Assigned task:
Don't include any picture when you restate the data word for word.

━━ Material to process

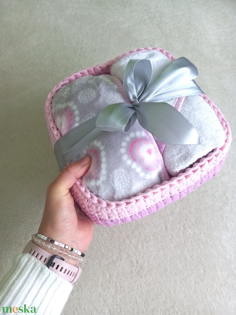 Babalátogató ajándékcsomag horgolt kosárban - Vattacukor
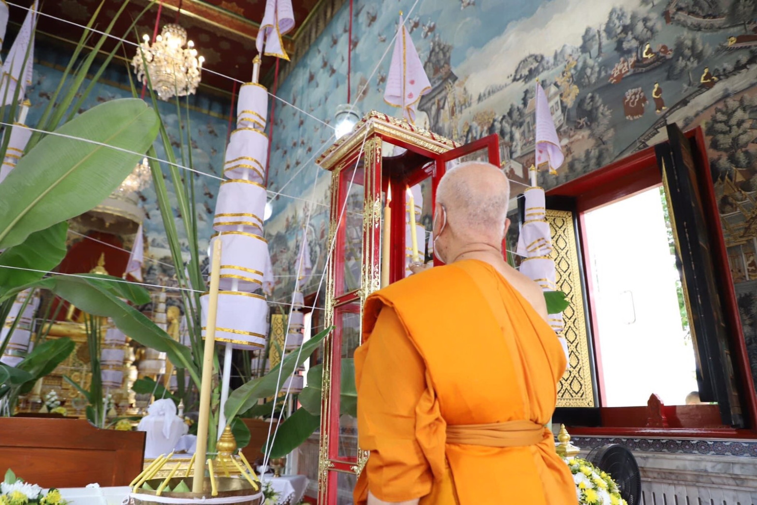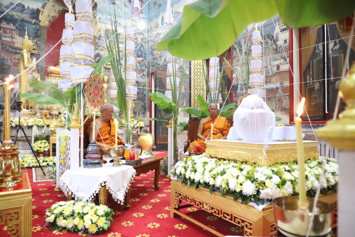 เมื่อถึงฤกษ์เวลา 17.09 น. เริ่มประกอบพิธีเสกน้ำพระพุทธมนต์ศักดิ์สิทธิ์ ประธานสงฆ์จุดเทียนชัย และเทียนพุทธาภิเษก เจ้าหน้าที่อาราธนาพระปริตร พระสงฆ์ 10 รูป เจริญพระพุทธมนต์  ผู้ว่าราชการจังหวัดอ่างทอง จุดเทียนมหามงคล เทียนทำน้ำมนต์ และเทียนนวหรคุณ จุดเทียนทอง เทียนเงิน และธูปเทียนหน้าเตียง พระสวดภาณวาร เจ้าหน้าที่อาราธนาพระสงฆ์สวตภาณวาร พระสงฆ์เถราจารย์ และพระสงฆ์สวดภาณวาร เจริญจิตภาวนาอธิษฐานจิต และสวดภาณวาร เป็นอันเสร็จสิ้นพิธี
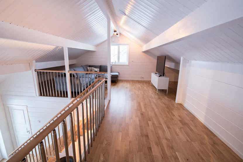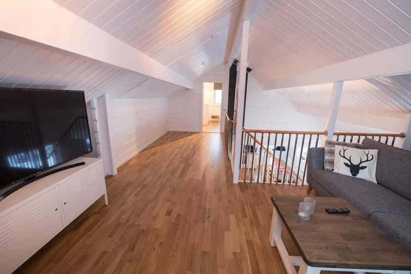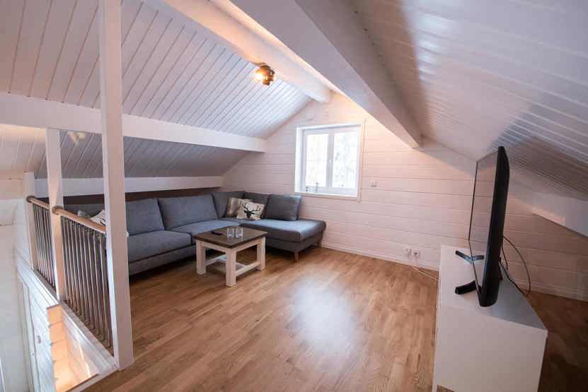 Utsikten ligger i Storhogna. Hytte med hems, 8 sengepladser, 100 kvm, alrum med køkkenafdeling, 4 soveværelse, 1 bruser, 2 WC, sauna.
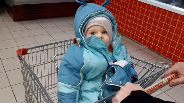Первый раз в супермаркете. Катаемся в тележке))) Самые первые впечатления!
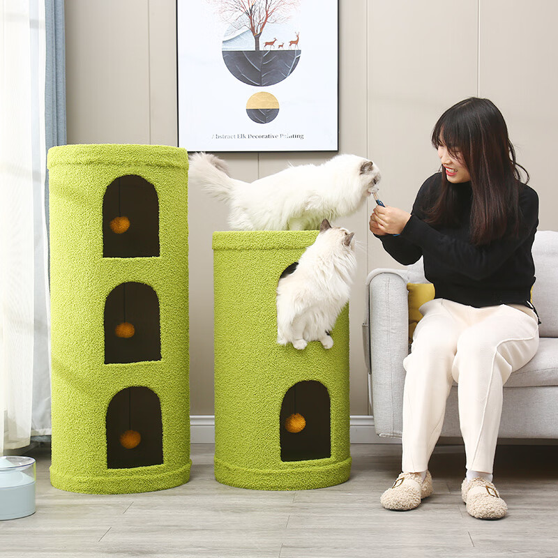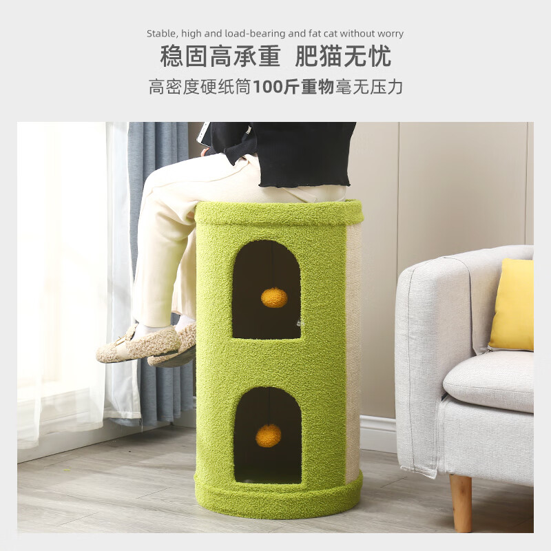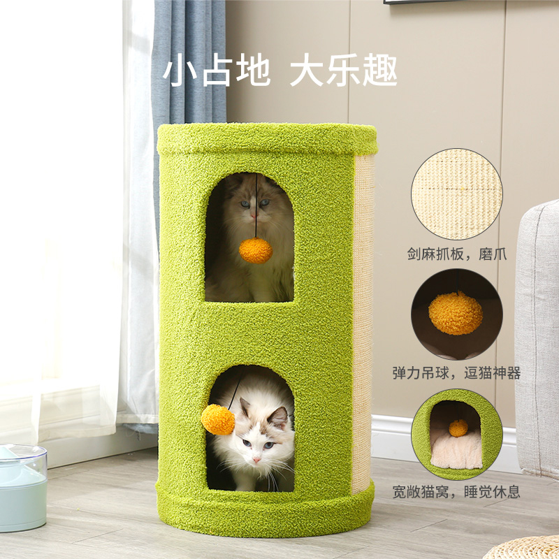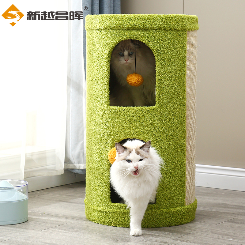 新越昌晖大型猫窝猫爬架宠物猫咪玩具 耐磨猫抓柱猫咪跳台立式猫架子高约77cm 双窝树洞款XY1068
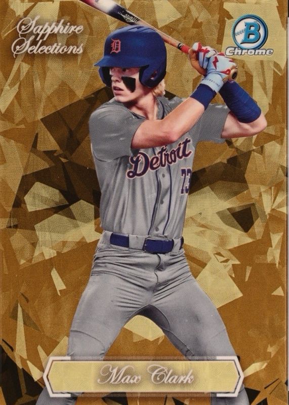 This card is 1 of 18 Max Clark's card variations in the 2023 Bowman Draft Sapphire Edition set being tracked by Sports Card Investor, including Chrome (1st), Chrome - Yellow /75 (1st), Chrome - Gold /50 (1st), Chrome - Orange /25 (1st), and Chrome - Black /10 (1st).
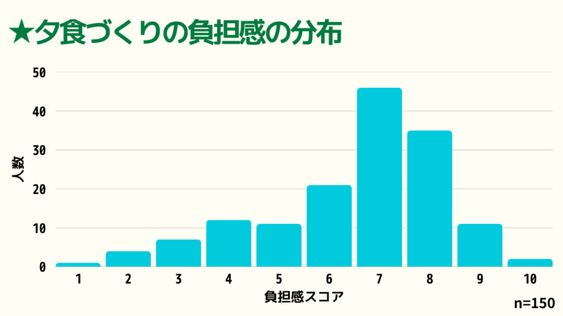 - 夕食づくりの負担感スコアは6〜8に回答が集中し、「かなり負担が大きい」と感じている人もいる。
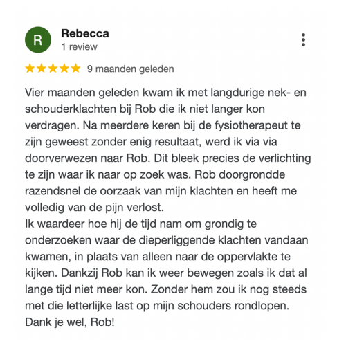 Ik waardeer hoe hij de tijd nam om grondig te onderzoeken waar de dieperliggende klachten vandaan kwamen, in plaats van alleen naar de oppervlakte te kijken. Dankzij Rob kan ik weer bewegen zoals ik dat al lange tijd niet meer kon. Zonder hem zou ik nog steeds met die letterlijke last op mijn schouders rondlopen. Dank je wel, Rob!

━━━━

Expected answer:
 Babalátogató ajándékcsomag horgolt kosárban - Vattacukor
 เมื่อถึงฤกษ์เวลา 17.09 น. เริ่มประกอบพิธีเสกน้ำพระพุทธมนต์ศักดิ์สิทธิ์ ประธานสงฆ์จุดเทียนชัย และเทียนพุทธาภิเษก เจ้าหน้าที่อาราธนาพระปริตร พระสงฆ์ 10 รูป เจริญพระพุทธมนต์  ผู้ว่าราชการจังหวัดอ่างทอง จุดเทียนมหามงคล เทียนทำน้ำมนต์ และเทียนนวหรคุณ จุดเทียนทอง เทียนเงิน และธูปเทียนหน้าเตียง พระสวดภาณวาร เจ้าหน้าที่อาราธนาพระสงฆ์สวตภาณวาร พระสงฆ์เถราจารย์ และพระสงฆ์สวดภาณวาร เจริญจิตภาวนาอธิษฐานจิต และสวดภาณวาร เป็นอันเสร็จสิ้นพิธี
 Utsikten ligger i Storhogna. Hytte med hems, 8 sengepladser, 100 kvm, alrum med køkkenafdeling, 4 soveværelse, 1 bruser, 2 WC, sauna.
Первый раз в супермаркете. Катаемся в тележке))) Самые первые впечатления!
 新越昌晖大型猫窝猫爬架宠物猫咪玩具 耐磨猫抓柱猫咪跳台立式猫架子高约77cm 双窝树洞款XY1068
 This card is 1 of 18 Max Clark's card variations in the 2023 Bowman Draft Sapphire Edition set being tracked by Sports Card Investor, including Chrome (1st), Chrome - Yellow /75 (1st), Chrome - Gold /50 (1st), Chrome - Orange /25 (1st), and Chrome - Black /10 (1st).
 - 夕食づくりの負担感スコアは6〜8に回答が集中し、「かなり負担が大きい」と感じている人もいる。
 Ik waardeer hoe hij de tijd nam om grondig te onderzoeken waar de dieperliggende klachten vandaan kwamen, in plaats van alleen naar de oppervlakte te kijken. Dankzij Rob kan ik weer bewegen zoals ik dat al lange tijd niet meer kon. Zonder hem zou ik nog steeds met die letterlijke last op mijn schouders rondlopen. Dank je wel, Rob!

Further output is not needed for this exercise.